CAPS IPC started

Matt Dillon has placed inital IPC support, using a message structure that is described in the extended entry here, taken from his commit message:

“Initial CAPS IPC structural encoding and decoding support. Note that the kernel is uninvolved (other then in supplying the IPC mechanism). After careful consideration I decided that XML was just too much overkill but that a human-readable format is still desireable. The encoding format supports integers, strings, opaque data, arrays, and is extensible and structural.

An example encoding of the struct passwd record for user ‘nobody’:

Spasswd{F1D”nobody”,F2D”%2a”,F3Dfffe,F4Dfffe,F5D0,F6D””,F7D”Unprivileged%20user”,F8D”/nonexistent”,F9D”/sbin/nologin”,FaD0}

Class elements include (S)tructure, (F)ield, (D)ata, (A)rray. Data types are free-form numeric (stored as hex), with the source responsible for encoding negative numbers with a ‘-‘, and quoted opaque data (e.g. strings). Any class element may recurse using {}. Structures and Arrays always recurse. Unknown recursions are ignored by the decoder (for future backwards compatibility). Whitespace is allowed but most non-alpha-numeric characters must be %-hex-escaped.

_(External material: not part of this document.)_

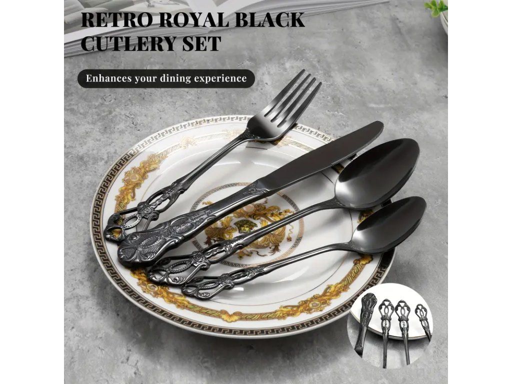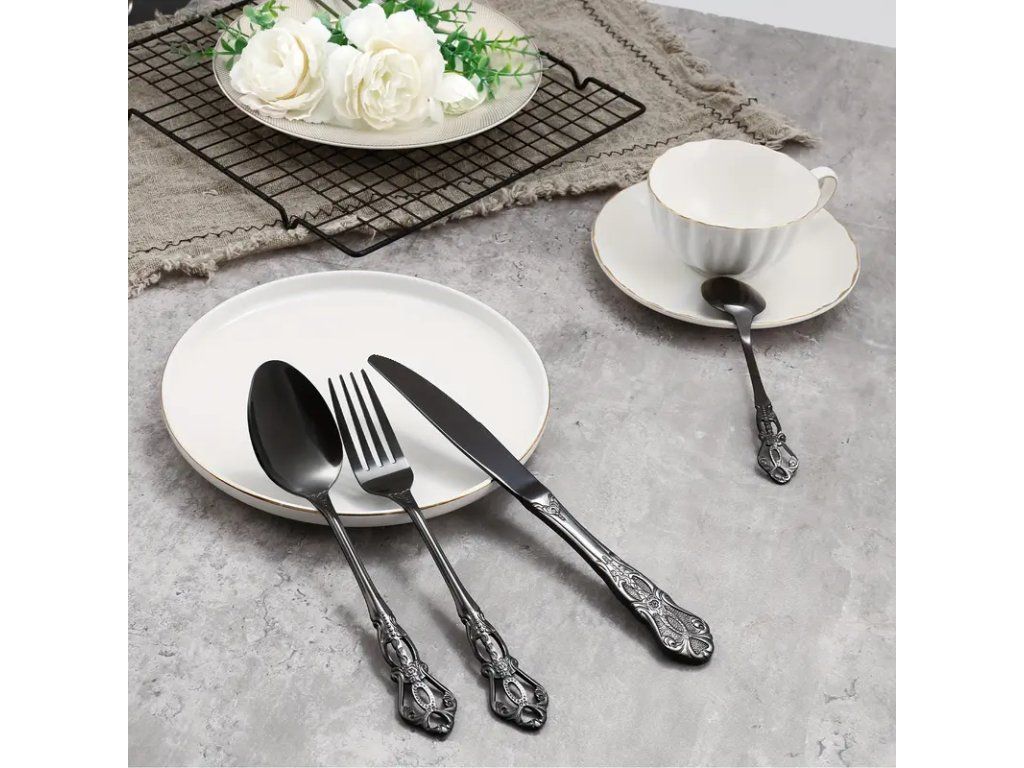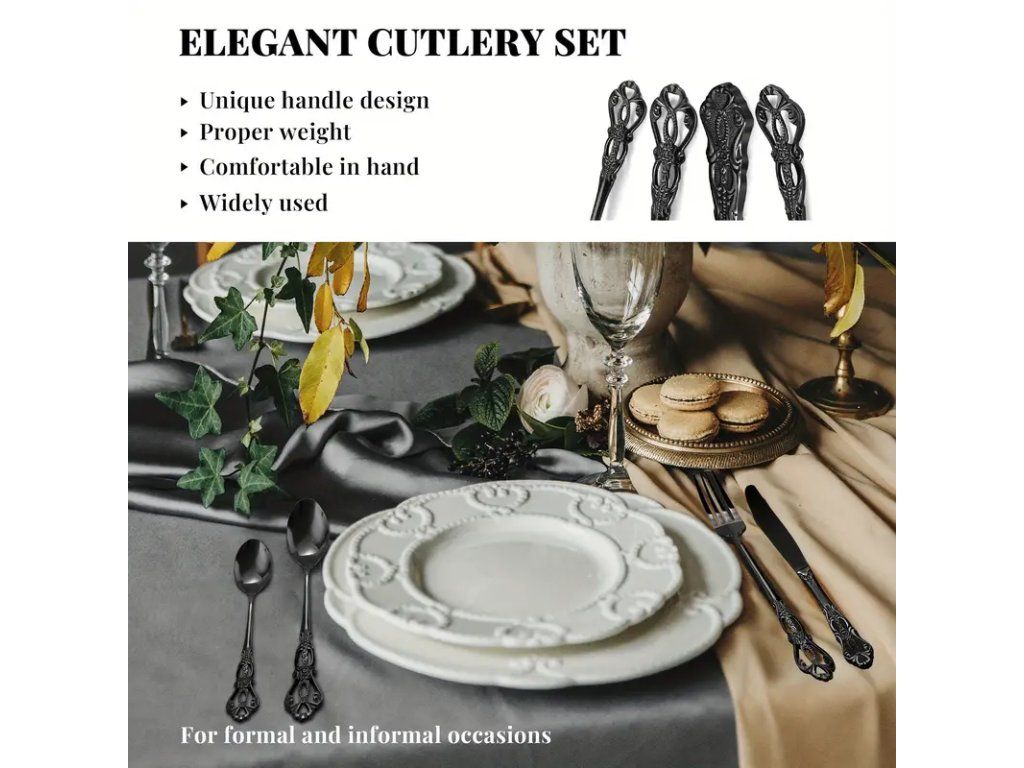 32dílná černá gotická sada příborů kombinuje výrazný design s praktickou funkčností. Sada obsahuje kompletní servis pro 8 osob — nože, vidličky, lžíce a dezertní příbory — celkem 32 kusů. Každý kus je vyroben z kvalitní nerezové oceli s odolnou černou povrchovou úpravou a propracovanými rukojetěmi inspirovanými gotickým stylem, které dodávají stolování osobitý a elegantní vzhled. Povrch příborů je matný, odolný proti opotřebení a snadno se udržuje; doporučuje se dodržovat pokyny výrobce pro mytí v myčce, aby se zachoval původní vzhled. Ergonomický tvar a vyvážení příborů zajišťují pohodlné držení a každodenní použitelnost i pro slavnostní příležitosti. Tato sada je vhodná pro domácí použití, restaurace se stylovým interiérem i jako netradiční dárek pro milovníky alternativní estetiky. Přineste do interiéru sofistikovanou temnou eleganci s touto kompletní 32dílnou černou gotickou sadou příborů.Buďte první, kdo napíše příspěvek k této položce.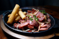 Carne de sol puxada na manteiga do sertão com cebolas. Servido com pirão de queijo coalho, arroz branco e farofa de jerimum com coentro.

The decoder understands simple integer types, arrays, buffers, embedded sub-structures, and string pointer structural elements. It does not (yet) understand multi-dimensional arrays, sparse element notation, or ** pointers.

This is a nice, compact encoding format that can be used for both packetized messages and persistently-connected streams. The initial commit only supports full-messages, however.”